=== Requirement ===
Transcribe each record exactly; skip any picture.

───── Provided data ─────

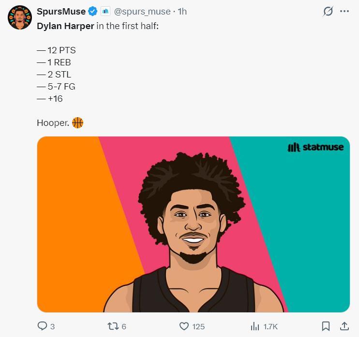 因爲馬刺的後場過多(福克斯、卡斯爾、瓦塞爾、凱爾登、麥克勞林、哈珀),所以作爲新秀的哈珀登場時間就20分鐘左右,但此役瓦塞爾受傷了,麥克勞林輪休,哈珀首節就打了7分鐘,很明顯他獲得了瓦塞爾的輪換時間,上半場16分鐘,7中5拿到12分2搶斷1籃板,正負值+16。
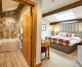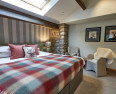Bedrooms have a modern rustic look with chunky-wood furniture, colourful blankets and jolly prints of farmyard animals. Some rooms are beamed, others have low windows, and all are nicely uncluttered. Home-made biscuits, fresh milk plus White Company products in the modern bathrooms are nice touches. The eight rooms in the separate barn, a two-minute walk across the beck, are generally larger and share a large living space. But you need a good torch for the night-time walk to the pub for evening meals.
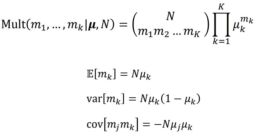 여기서 \( m_k \) 는 k 번째 state가 몇번 나오는지에 대한 값이다. 즉, k=6 인 주사위라고 했을 때, 주사위를 던져서 특정한 숫자가 몇번 나오는지에 대한 횟수라고 생각하면 된다.
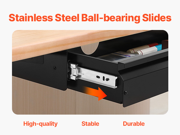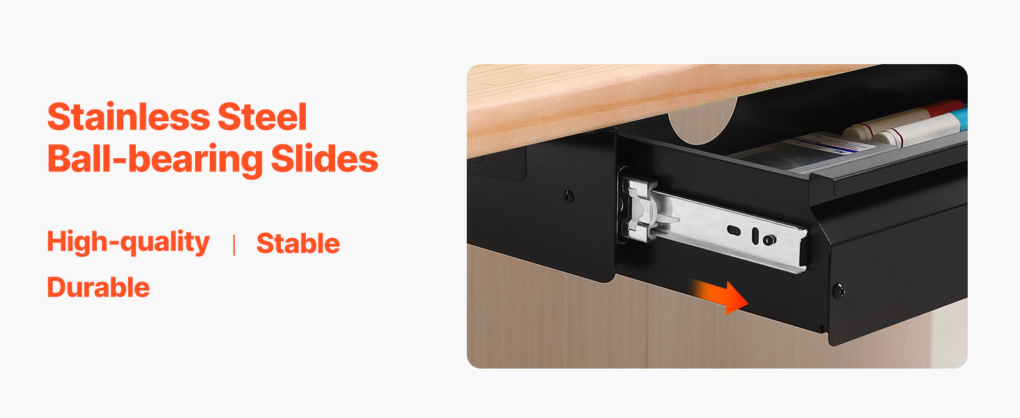 VEVOR 33" Wide Under Desk Drawer Slide Out, Under Desk Mounted Pull-out Drawer Attachment, Hidden Desktop Storage Organizer, Under Table Pencil Drawer for office Home Sit Stand Workstation, 33x9x4 in
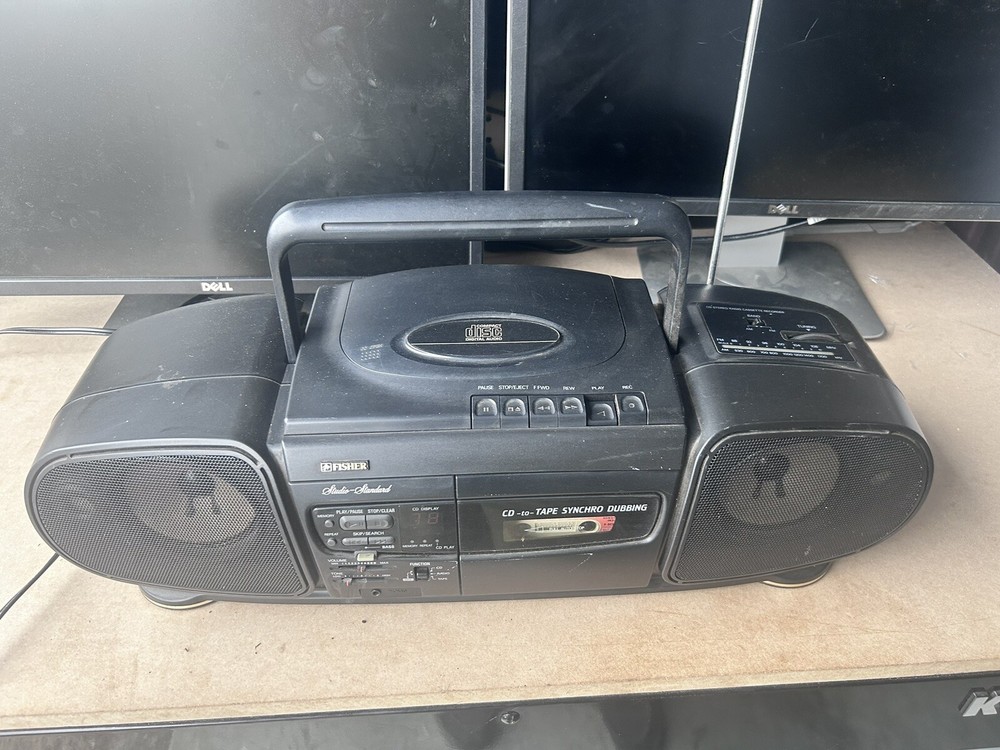 This vintage Fisher boombox is a fantastic blast from the past! The AM/FM radio works perfectly, and both the cassette and CD players function smoothly—great for retro music lovers. The sound quality is surprisingly crisp for its age, and the portable design makes it easy to move around. Even without batteries or included media, it’s a steal for collectors or anyone craving nostalgic vibes. Highly recommend!
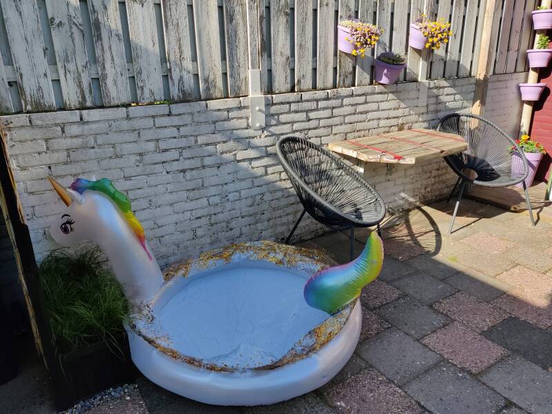 Wat een heerlijke start van de zomer met echt zomers weer! Van de stilte genoten, lekker en fijn kunnen mediteren. Vandaag het zwembadje voor Milo opgezet, waar hij meteen dankbaar gebruik van maakte 😊 Tijdens het klaar maken van de tuin en het opblazen en vullen van het badje, was hij al helemaal blij en kwispelend aan het rondwandelen met zijn favoriete bal in zijn mond. Zo cute! 😍 Op de foto hieronder staat het zwembadje van de afgelopen twee jaar, omdat de tuin er nu zo triest bijligt door de renovatie, dat ik deze foto veel leuker en zomerser vind… 😉 Het badje dat Milo nu heeft, is een saaie blauwe dat wèl voldoet om af te koelen. Volgend jaar zetten we de gezelligerd van onderstaande foto leuk weer op! Mijn nichtje van toen 6 wilde vorig jaar ook heeeeel graag komen 'zwemmen' in het unicorn-badje 😍
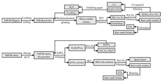 H2C2O4, as an organic acid, namely, can leach NdFeB magnets and also selectively precipitate REEs from the leach liquor of magnets [105]. The typical technical flow chart of the H2C2O4 precipitation method is shown in Figure 6 [106,107]. Although both recycling processes are closed-loop as much as possible, reducing the toxic effects of the emissions on the environment. The residual H2C2O4 is highly susceptible to precipitation by binding Fe2+ or RE3+ during the leaching process, since the dissolution of both RE2(C2O4)3·nH2O and FeC2O4·nH2O is very small. In addition, the sintered NdFeB magnets exhibit passivation behavior in the H2C2O4 solution, and the leaching rate will be greatly reduced [108]. As far as the selective separation of REEs and Fe is concerned, the complex salt precipitation method is the better way for the selective precipitation of REEs because it can avoid the interference of Fe2+ and Fe3+ to the maximum extent [109]. The addition of M2SO4 (M = Na, K and NH4) to the leachate converts RE3+ to (RE,M)(SO4)2·nH2O precipitation. However, many steps, such as redissolution by HCl, reprecipitation by H2C2O4, and calcination, are required to obtain pure REEs products [110].
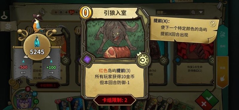 引狼入室(两张):配合红牌预判,降低防御,有护盾时可打消耗战;无红则出其不意,缺钱时刷过路费,核心在于预判爆发高额伤害。
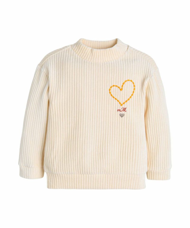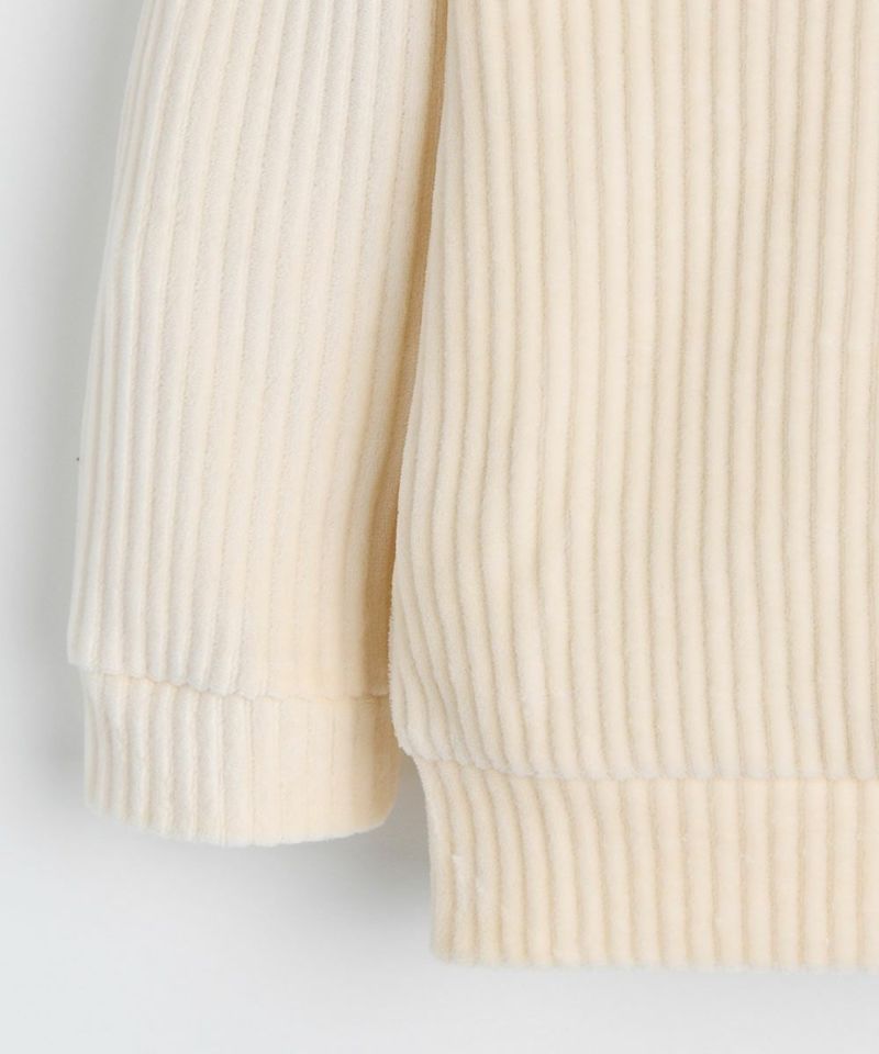 柔らかなタッチ感のベロアセットアップ。かわいらしいハート刺繍がポイントで、パンツはブーツカットシルエット。マッシュルームリバーシブルベスト(W244VEG31P)とのコーディネートがおすすめです。

─────

=== Result for this task ===
 因爲馬刺的後場過多(福克斯、卡斯爾、瓦塞爾、凱爾登、麥克勞林、哈珀),所以作爲新秀的哈珀登場時間就20分鐘左右,但此役瓦塞爾受傷了,麥克勞林輪休,哈珀首節就打了7分鐘,很明顯他獲得了瓦塞爾的輪換時間,上半場16分鐘,7中5拿到12分2搶斷1籃板,正負值+16。
Bedrooms have a modern rustic look with chunky-wood furniture, colourful blankets and jolly prints of farmyard animals. Some rooms are beamed, others have low windows, and all are nicely uncluttered. Home-made biscuits, fresh milk plus White Company products in the modern bathrooms are nice touches. The eight rooms in the separate barn, a two-minute walk across the beck, are generally larger and share a large living space. But you need a good torch for the night-time walk to the pub for evening meals.
 여기서 \( m_k \) 는 k 번째 state가 몇번 나오는지에 대한 값이다. 즉, k=6 인 주사위라고 했을 때, 주사위를 던져서 특정한 숫자가 몇번 나오는지에 대한 횟수라고 생각하면 된다.
 VEVOR 33" Wide Under Desk Drawer Slide Out, Under Desk Mounted Pull-out Drawer Attachment, Hidden Desktop Storage Organizer, Under Table Pencil Drawer for office Home Sit Stand Workstation, 33x9x4 in
 This vintage Fisher boombox is a fantastic blast from the past! The AM/FM radio works perfectly, and both the cassette and CD players function smoothly—great for retro music lovers. The sound quality is surprisingly crisp for its age, and the portable design makes it easy to move around. Even without batteries or included media, it’s a steal for collectors or anyone craving nostalgic vibes. Highly recommend!
 Wat een heerlijke start van de zomer met echt zomers weer! Van de stilte genoten, lekker en fijn kunnen mediteren. Vandaag het zwembadje voor Milo opgezet, waar hij meteen dankbaar gebruik van maakte 😊 Tijdens het klaar maken van de tuin en het opblazen en vullen van het badje, was hij al helemaal blij en kwispelend aan het rondwandelen met zijn favoriete bal in zijn mond. Zo cute! 😍 Op de foto hieronder staat het zwembadje van de afgelopen twee jaar, omdat de tuin er nu zo triest bijligt door de renovatie, dat ik deze foto veel leuker en zomerser vind… 😉 Het badje dat Milo nu heeft, is een saaie blauwe dat wèl voldoet om af te koelen. Volgend jaar zetten we de gezelligerd van onderstaande foto leuk weer op! Mijn nichtje van toen 6 wilde vorig jaar ook heeeeel graag komen 'zwemmen' in het unicorn-badje 😍
 H2C2O4, as an organic acid, namely, can leach NdFeB magnets and also selectively precipitate REEs from the leach liquor of magnets [105]. The typical technical flow chart of the H2C2O4 precipitation method is shown in Figure 6 [106,107]. Although both recycling processes are closed-loop as much as possible, reducing the toxic effects of the emissions on the environment. The residual H2C2O4 is highly susceptible to precipitation by binding Fe2+ or RE3+ during the leaching process, since the dissolution of both RE2(C2O4)3·nH2O and FeC2O4·nH2O is very small. In addition, the sintered NdFeB magnets exhibit passivation behavior in the H2C2O4 solution, and the leaching rate will be greatly reduced [108]. As far as the selective separation of REEs and Fe is concerned, the complex salt precipitation method is the better way for the selective precipitation of REEs because it can avoid the interference of Fe2+ and Fe3+ to the maximum extent [109]. The addition of M2SO4 (M = Na, K and NH4) to the leachate converts RE3+ to (RE,M)(SO4)2·nH2O precipitation. However, many steps, such as redissolution by HCl, reprecipitation by H2C2O4, and calcination, are required to obtain pure REEs products [110].
 引狼入室(两张):配合红牌预判,降低防御,有护盾时可打消耗战;无红则出其不意,缺钱时刷过路费,核心在于预判爆发高额伤害。
 柔らかなタッチ感のベロアセットアップ。かわいらしいハート刺繍がポイントで、パンツはブーツカットシルエット。マッシュルームリバーシブルベスト(W244VEG31P)とのコーディネートがおすすめです。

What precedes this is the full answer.